Shareholder Agreements, Buy-Sell Agreements, Partnership and Operating Agreements (collectively, “Agreements”) are frequently-used terms to describe agreements among business owners.  Hopefully, the Agreement, whatever its title, covers issues such as contributions of property and services, management, voting, dispute resolution, and ownership transition. 

Agreements Among Business Owners: Why They're Still a Good Idea
Photo courtesy of Raw Pixel (Unsplash.com)

One of the uglier issues facing business owners is the personal liability for the trust fund portion of payroll taxes withheld from employee wages.  As anyone who has been employed knows, an employer is obligated to withhold payroll taxes from the wages of an employee.  This withholding is known as the Trust Fund Portion and is in addition to the payroll tax the employer must pay from its own funds.  When the Trust Fund Portion is not paid over to the government, the tax collector invokes the responsible person doctrine.  In its elementary form, the doctrine imposes personal liability upon owners, officers and managers for payment.  The doctrine extends its reach to those individuals who have the ability to direct the payment of funds.  While this blog does not attempt to analyze years of case law, a rule of thumb is that check signing authority makes an individual a responsible person.  A caveat to that rule is that anyone who exerts direct or indirect control over who the business pays will also be considered as a responsible person.  Many cases exist where one who is essentially a bookkeeper with check signing authority is controlled by an owner who does not have check signing authority in an effort to protect the owner from liability.  As the owner typically has more money, they become a natural target of the tax collector.

United States v Commander

In United States v Commander, the Third Circuit Court of Appeals upheld a District Court decision holding Mr. Commander liable for unpaid payroll taxes of 1.5m. What is interesting is that Mr. Skerianz, the equal partner, was dismissed during the pendency of the case after he died.  We do not know whether a settlement was reached between the decedent’s estate and the government. But we do know that Mr. Commander was not relieved of responsibility for the entire liability which is not apportioned in accordance with ownership.

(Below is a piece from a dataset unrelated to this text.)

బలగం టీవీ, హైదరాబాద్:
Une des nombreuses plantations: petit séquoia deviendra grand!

Agreements typically have buy-sell provisions that are triggered at death and often use life insurance to fund the buy-out.  Recently, I discussed a situation with a prospective client where the life insurance policies obtained on the lives of two equal partners were intended to be paid to a third party acting as trustee and be used to extinguish the decedent’s half of the liability.  Unfortunately, each spouse was designated as the beneficiary for the policy on the life of his or her owner-spouse.  When the life insurance proceeds arrived made payable to a surviving spouse, who was not a responsible person, it was not hard to anticipate that the surviving spouse held onto the funds.  Although the government has weapons it can use against the estate and transferees, it is easier to chase the living than the dead.

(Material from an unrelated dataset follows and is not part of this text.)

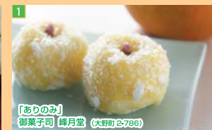
1 「ありのみ」 御菓子司 峰月堂 (大野町 2-786)

One avenue open to the surviving partner is to file suit against the surviving spouse in Chancery court claiming a constructive trust over the proceeds.  This would, if successful, give effect to the arrangement that was contemplated. Proving what was intended, however, is often difficult.

The facts described in the two preceding paragraphs raise questions about the purpose and use of life insurance proceeds. Clearly, the value of the business is negligible if not negative; therefore, the notion of a buy-sell under these conditions is inappropriate.  Should the proceeds be applied to extinguish the tax debt?  Would such application give the surviving owner a debt-free business and leave the estate hoping for payout?  What would be the value of the business if the debt is not paid?  Is it the value before death burdened by tax debt or is it a value determined well after death, insurance money received and the debt is repaid?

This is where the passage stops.